One man who left his mark was art history scholar Darnell, “the Denzel Washington of academia.” Over the course of three years, he made Chia feel small and inadequate by prioritizing his own needs, questioning her judgments, and wounding her with snide barbs about her hormones or her parents’ wealth. “He squashed my smallest pleasures,” she reveals, “and I helped him flatten them, sinking myself into the mean crevices of his will.” Matters came to a head in Paris: She planned to “blur his edges” there, but her presence only sharpened them.

Chia recounts a less turbulent relationship with stable and dependable Chuka, whose heart she was eventually forced to break: “I could no longer ignore that exquisite ache of wanting to love a lovely person that you do not love.” She is dealt a surprise blow when she falls head over heels with an Englishman and learns that he is already married.

For her next section, Adichie turns the spotlight on Zikora. Instead of continuing from her character’s perspective, she creates a little distance between her subject and her reader by switching to a third-person narrative. Zikora’s backstory incorporates her earlier years in Nigeria, in particular her response to her father’s decision to take a second wife, a woman who, we are memorably told, “wielded her niceness like a subtle sharp knife,” and her disastrous love affairs with callous, ne’er-do-well men she regards as “thieves of time.” Equally absorbing is Zikora’s present situation in Washington. She is about to give birth, but Kwame, the boyfriend who abandoned her, isn’t answering her calls. Fortunately, an unlikely source of support may be at hand.

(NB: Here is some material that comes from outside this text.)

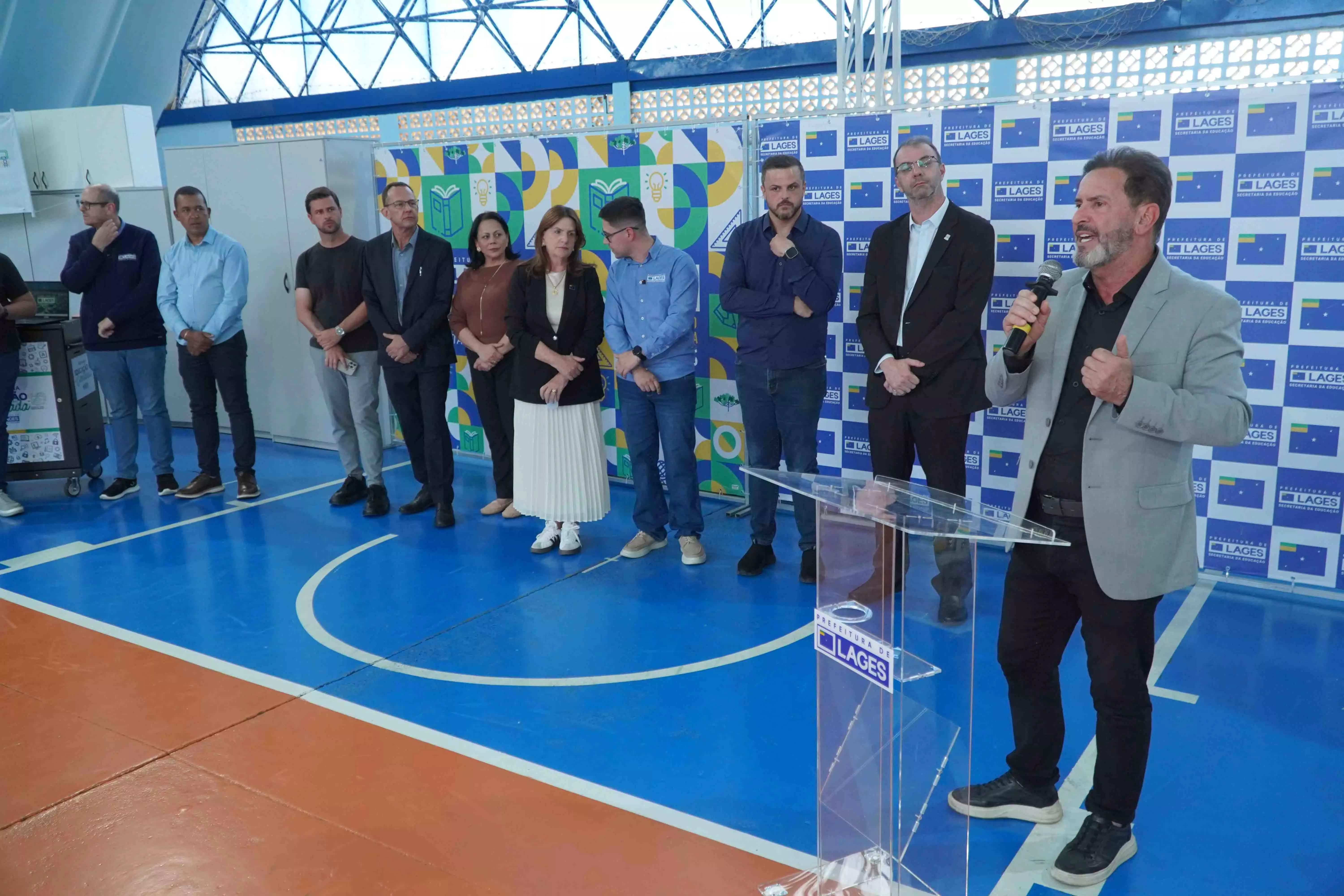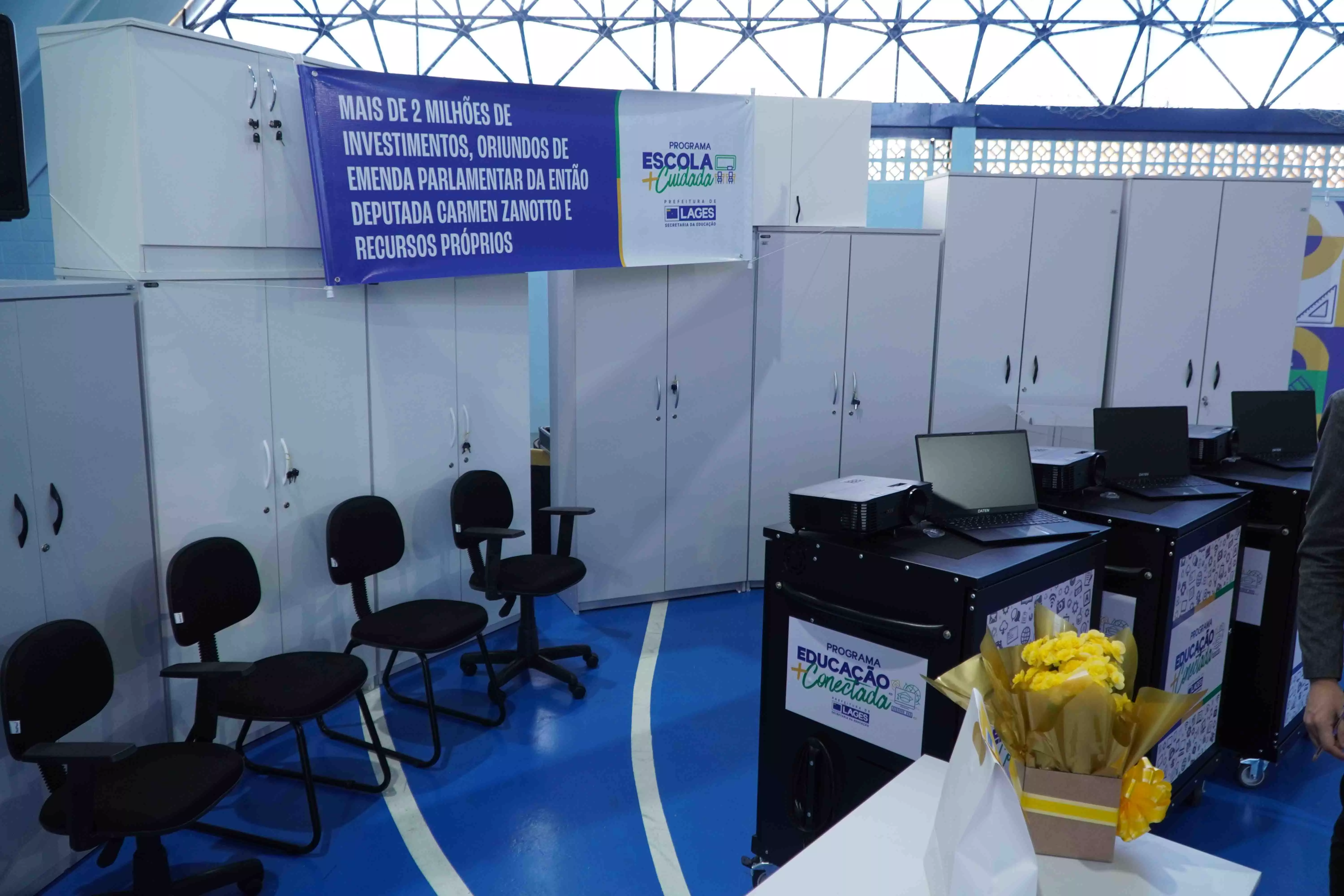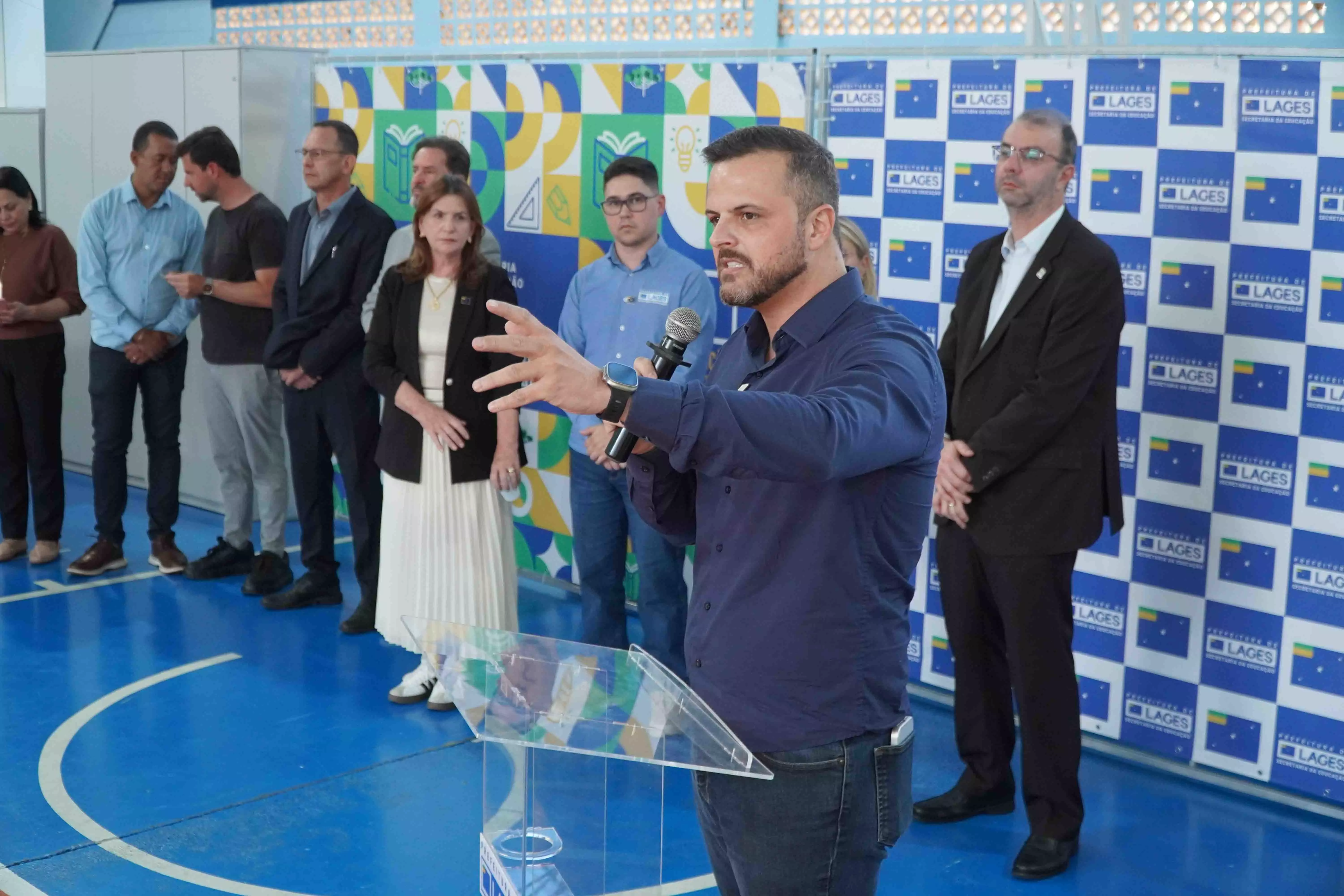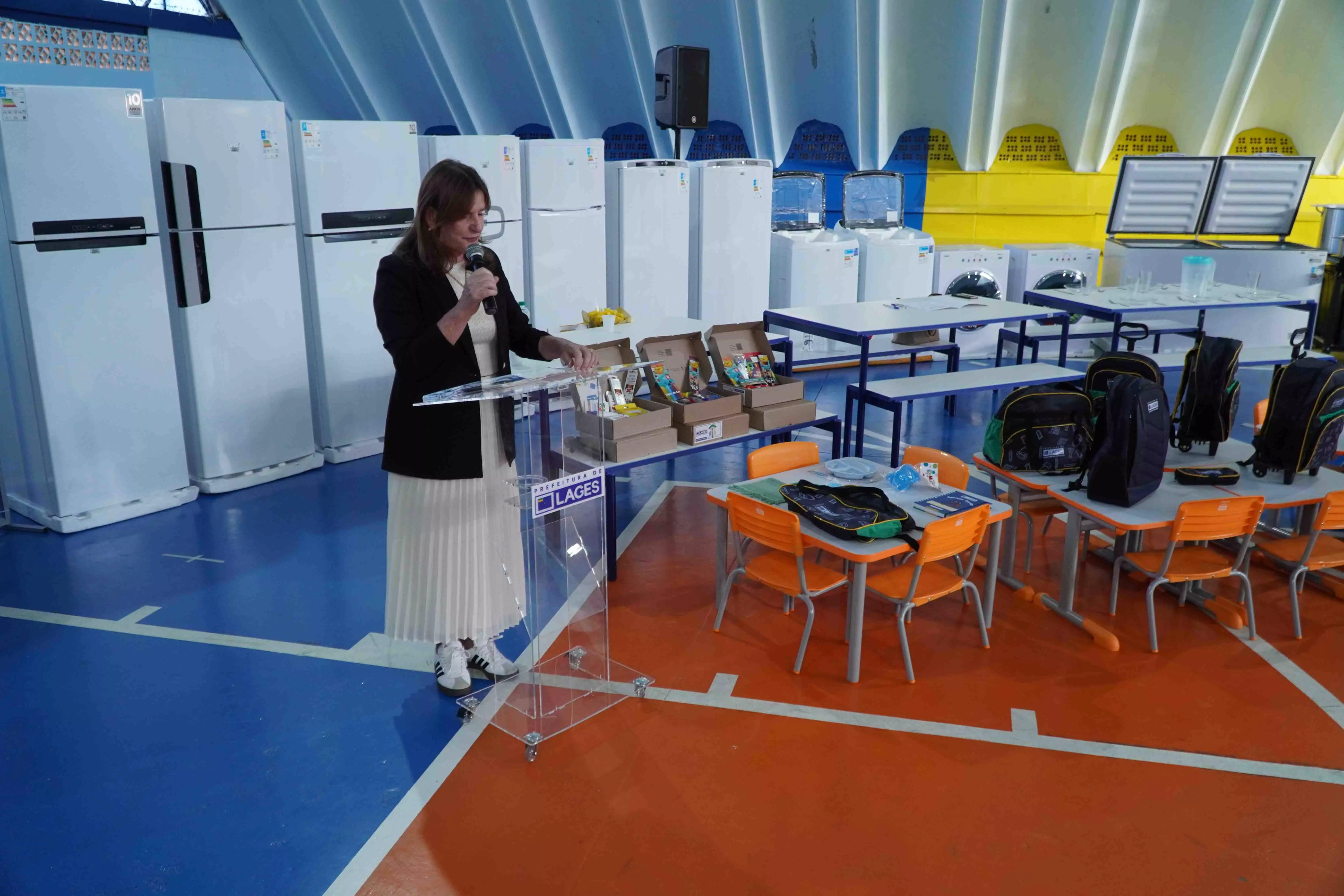 A Prefeitura de Lages, por intermédio da Secretaria Municipal da Educação, realizou na tarde desta sexta-feira (10 de abril) o ato simbólico de entrega de mais de três mil itens, entre equipamentos de cozinha, eletrodomésticos e mobiliário escolar, para as unidades de ensino municipais. A cerimônia foi realizada no ginásio da Escola Municipal de Educação Básica (Emeb) Nossa Senhora dos Prazeres, localizada no bairro Santa Catarina, e integra o Programa Escola + Cuidada.

Nigerian author Chimamanda Ngozi Adichie. (Rolf Vennenbernd/Pool Photo via AP)

Readers expecting Adichie to devote her third part to Omelogor will find themselves wrongfooted. Omelogor does not feature yet. More importantly, Adichie’s novel is not a triptych of Nigerian women. She adds an extra panel here and tells the tale of a character she has only mentioned fleetingly: Kadiatou, Chia’s housekeeper. At first glance, the story may seem superfluous. But after a fashion, as Kadiatou’s plight binds Adichie’s other women, it becomes clear that this chapter, the most powerful in the book, amounts not just to a welcome addition but a vital one.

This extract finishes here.